Zweieinhalb Wochen, 19 Tage, offline. Abgenabelt von der Welt. Keine Mails, keine Kommunikation mit Freunden aufrecht erhalten, erst recht keine neuen Beiträge im Flohnmobil. Ich wurde schon per SMS angefragt, ob der Surfstick nicht mehr funktioniere.

Mit jedem Tag, der ins verregnete Land zog, wurde ich etwas gleichgültiger. Jetzt dauert es dann ja nur noch eine knappe Woche. In spätestens vier Tagen sind wir daheim, dann bin ich saniert. Ich versuchte mir einzureden, dass ich bestimmt nichts verpasse, wenn ich noch ein paar wenige Tage lang ohne Internet bin.
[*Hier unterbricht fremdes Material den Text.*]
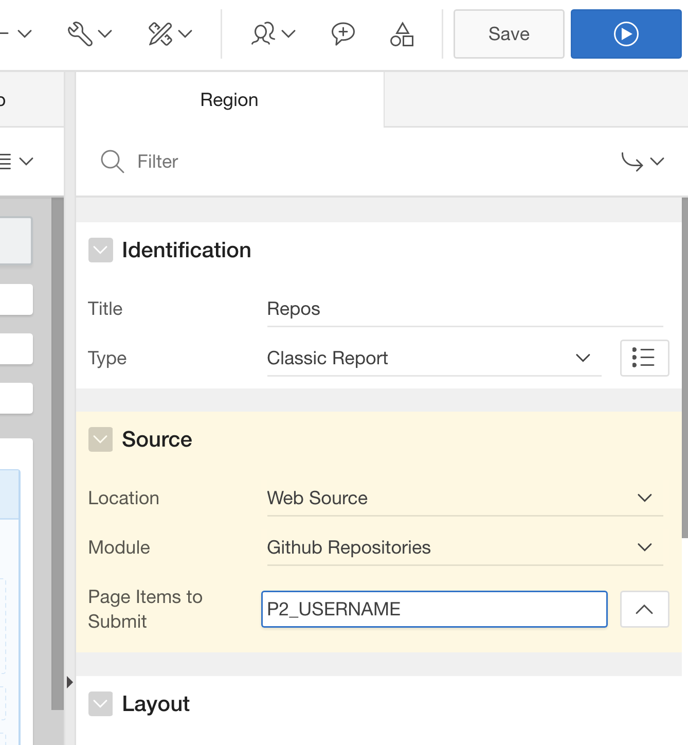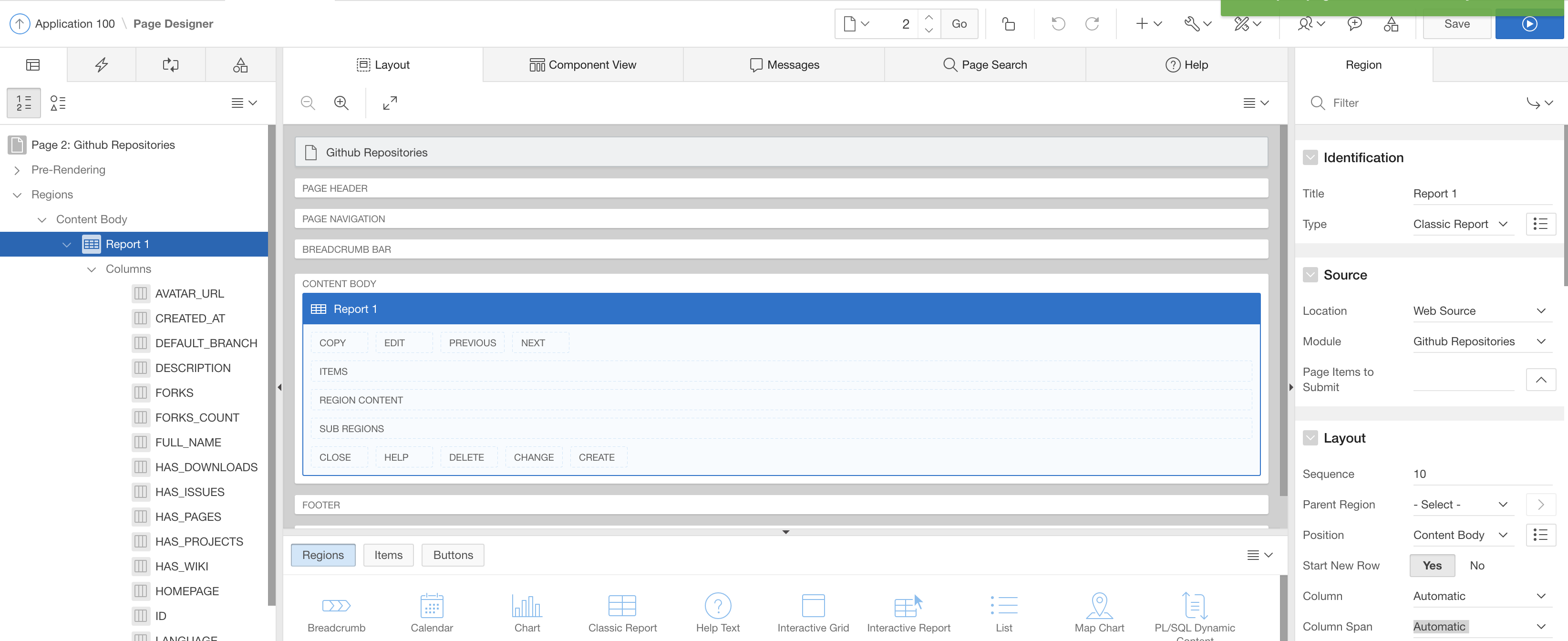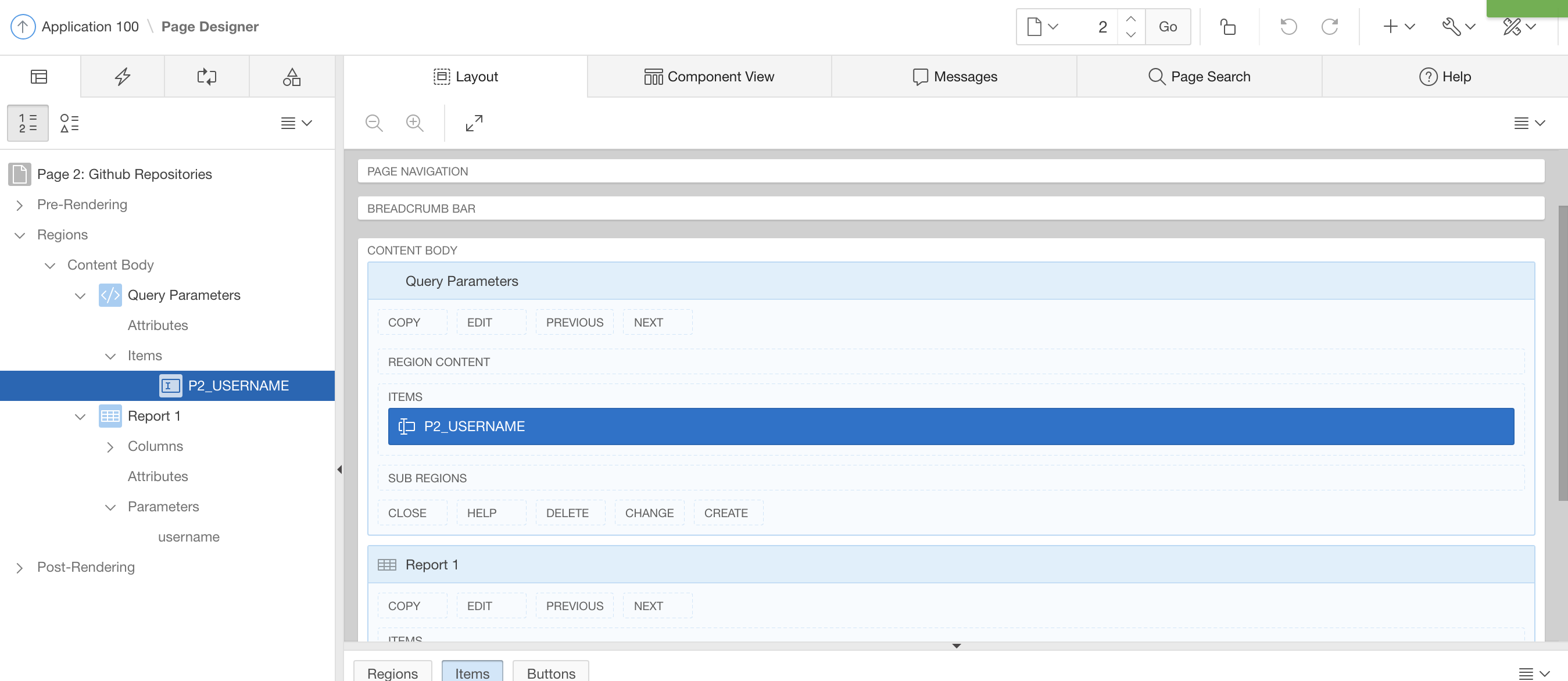 Finally, click the Apply Changes button. Then, head back to your page containing the report. We want to have a text field on the page, where the end user enters a Github user name. Then the report is supposed to refresh with the data for that very user. Thus, in Page Designer, add a new region above the report, add a page item (Text Field) and configure its layout.

Und ich habe es tatsächlich überstanden! In dem Moment, wo diese Zeilen entstanden sind zwar noch nicht, aber bis ihr sie im Flohnmobil lesen könnt ganz bestimmt. Ja, wir sind wieder zu Hause. Um mehrere Tausend Euro erleichtert. Mit ein paar Tausend Kilometern mehr auf dem Tacho. Um viele Erfahrungen bereichert. Den Kopf voller schöner Bilder. Und die Sonnencreme-Tuben nicht ganz so leer, wie der Anfang der Reise hätte erahnen lassen.

Wisst ihr, was jeweils das Schlimmste ist, wenn wir nach einem Trip quer durch halb Europa nach Hause kommen? Wir haben so viele neue Regionen gesehen, die wir auch mal ausgiebiger bereisen möchten, dass wir gleich wieder losfahren könnten. Eine dieser Neuentdeckungen werde ich euch – auch wenn es mittlerweile alter Kaffee ist – morgen vorstellen. MORGEN, und nicht irgendwann mal.